A faithful, word-for-word copy of the data below is required, without pictures.

START Provided information

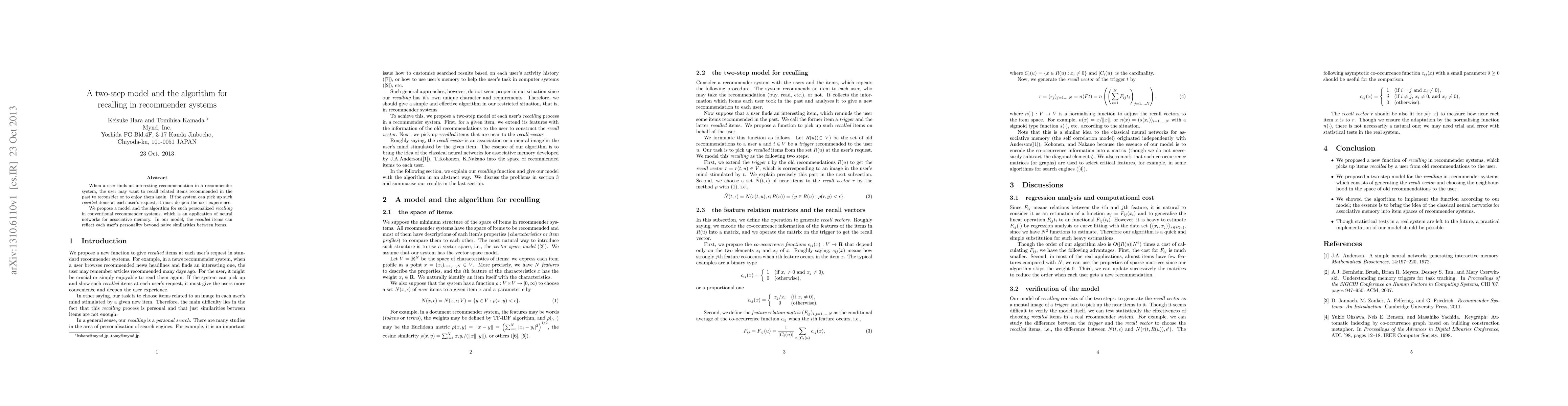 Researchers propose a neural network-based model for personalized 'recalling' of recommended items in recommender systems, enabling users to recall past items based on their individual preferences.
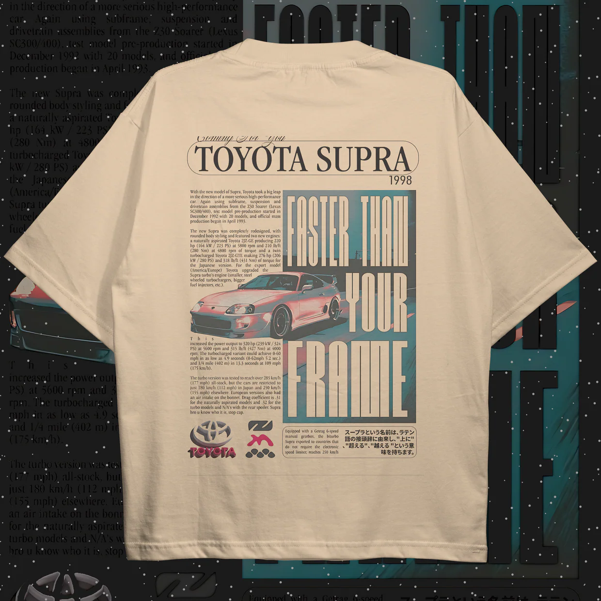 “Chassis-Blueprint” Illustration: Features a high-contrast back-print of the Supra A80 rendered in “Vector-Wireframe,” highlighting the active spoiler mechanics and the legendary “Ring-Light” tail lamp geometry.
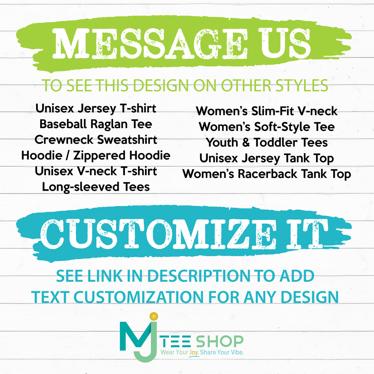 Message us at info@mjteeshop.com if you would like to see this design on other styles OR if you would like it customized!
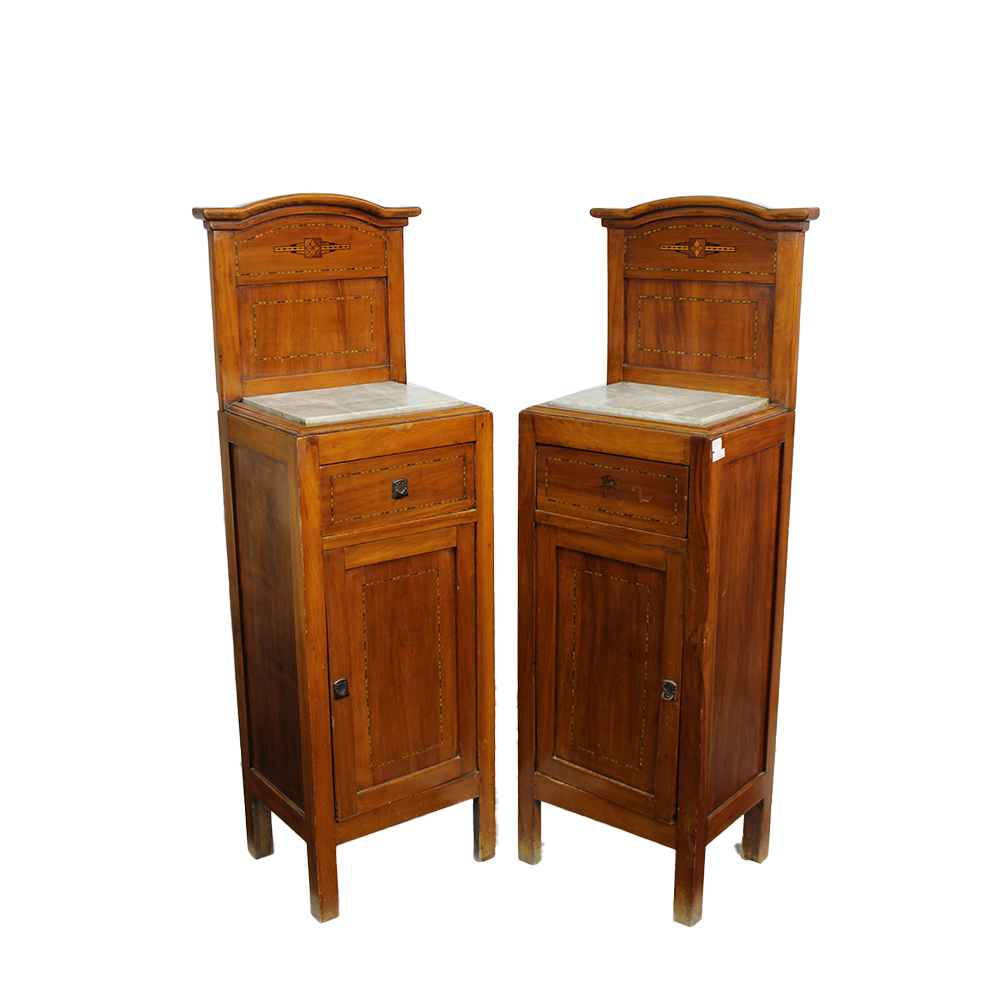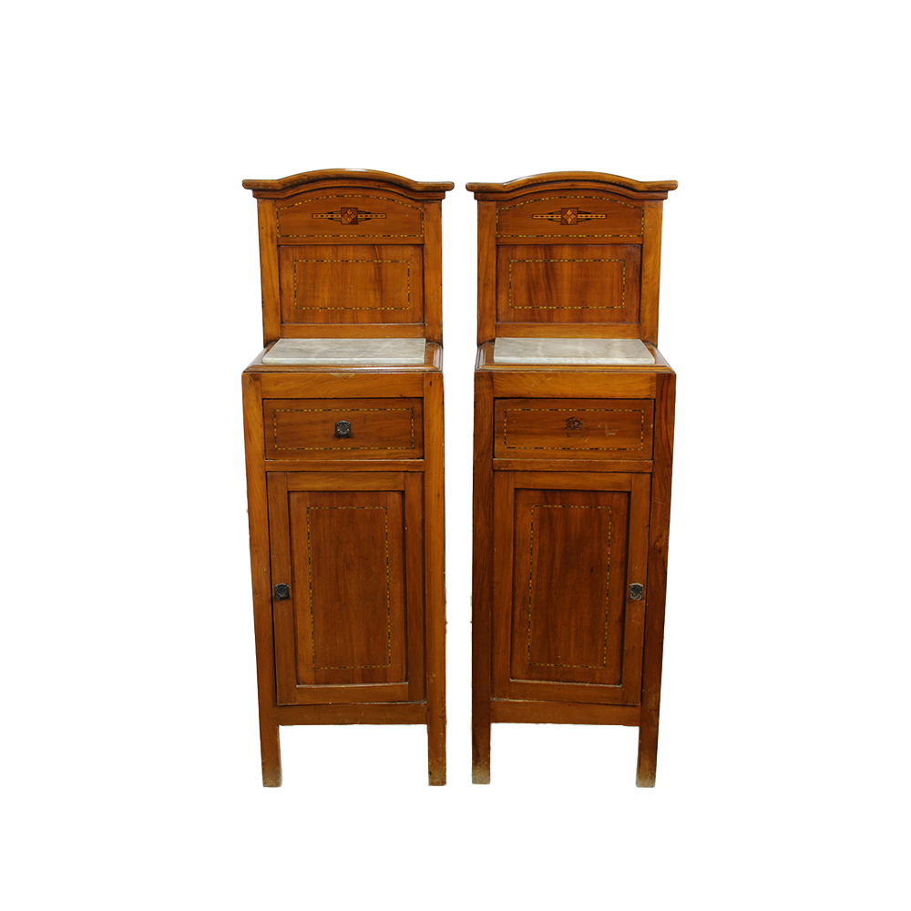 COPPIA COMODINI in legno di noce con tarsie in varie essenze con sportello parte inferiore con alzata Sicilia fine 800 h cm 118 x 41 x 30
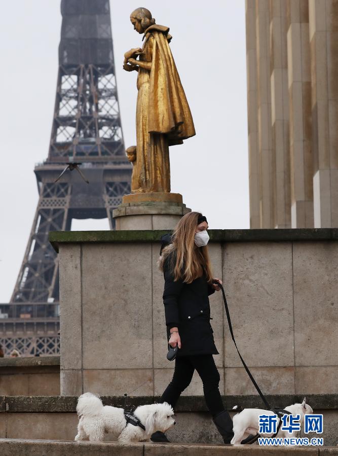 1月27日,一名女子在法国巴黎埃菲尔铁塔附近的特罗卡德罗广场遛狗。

END Provided information

# Finished exercise
 Researchers propose a neural network-based model for personalized 'recalling' of recommended items in recommender systems, enabling users to recall past items based on their individual preferences.
 “Chassis-Blueprint” Illustration: Features a high-contrast back-print of the Supra A80 rendered in “Vector-Wireframe,” highlighting the active spoiler mechanics and the legendary “Ring-Light” tail lamp geometry.
 Message us at info@mjteeshop.com if you would like to see this design on other styles OR if you would like it customized!
 COPPIA COMODINI in legno di noce con tarsie in varie essenze con sportello parte inferiore con alzata Sicilia fine 800 h cm 118 x 41 x 30
 1月27日,一名女子在法国巴黎埃菲尔铁塔附近的特罗卡德罗广场遛狗。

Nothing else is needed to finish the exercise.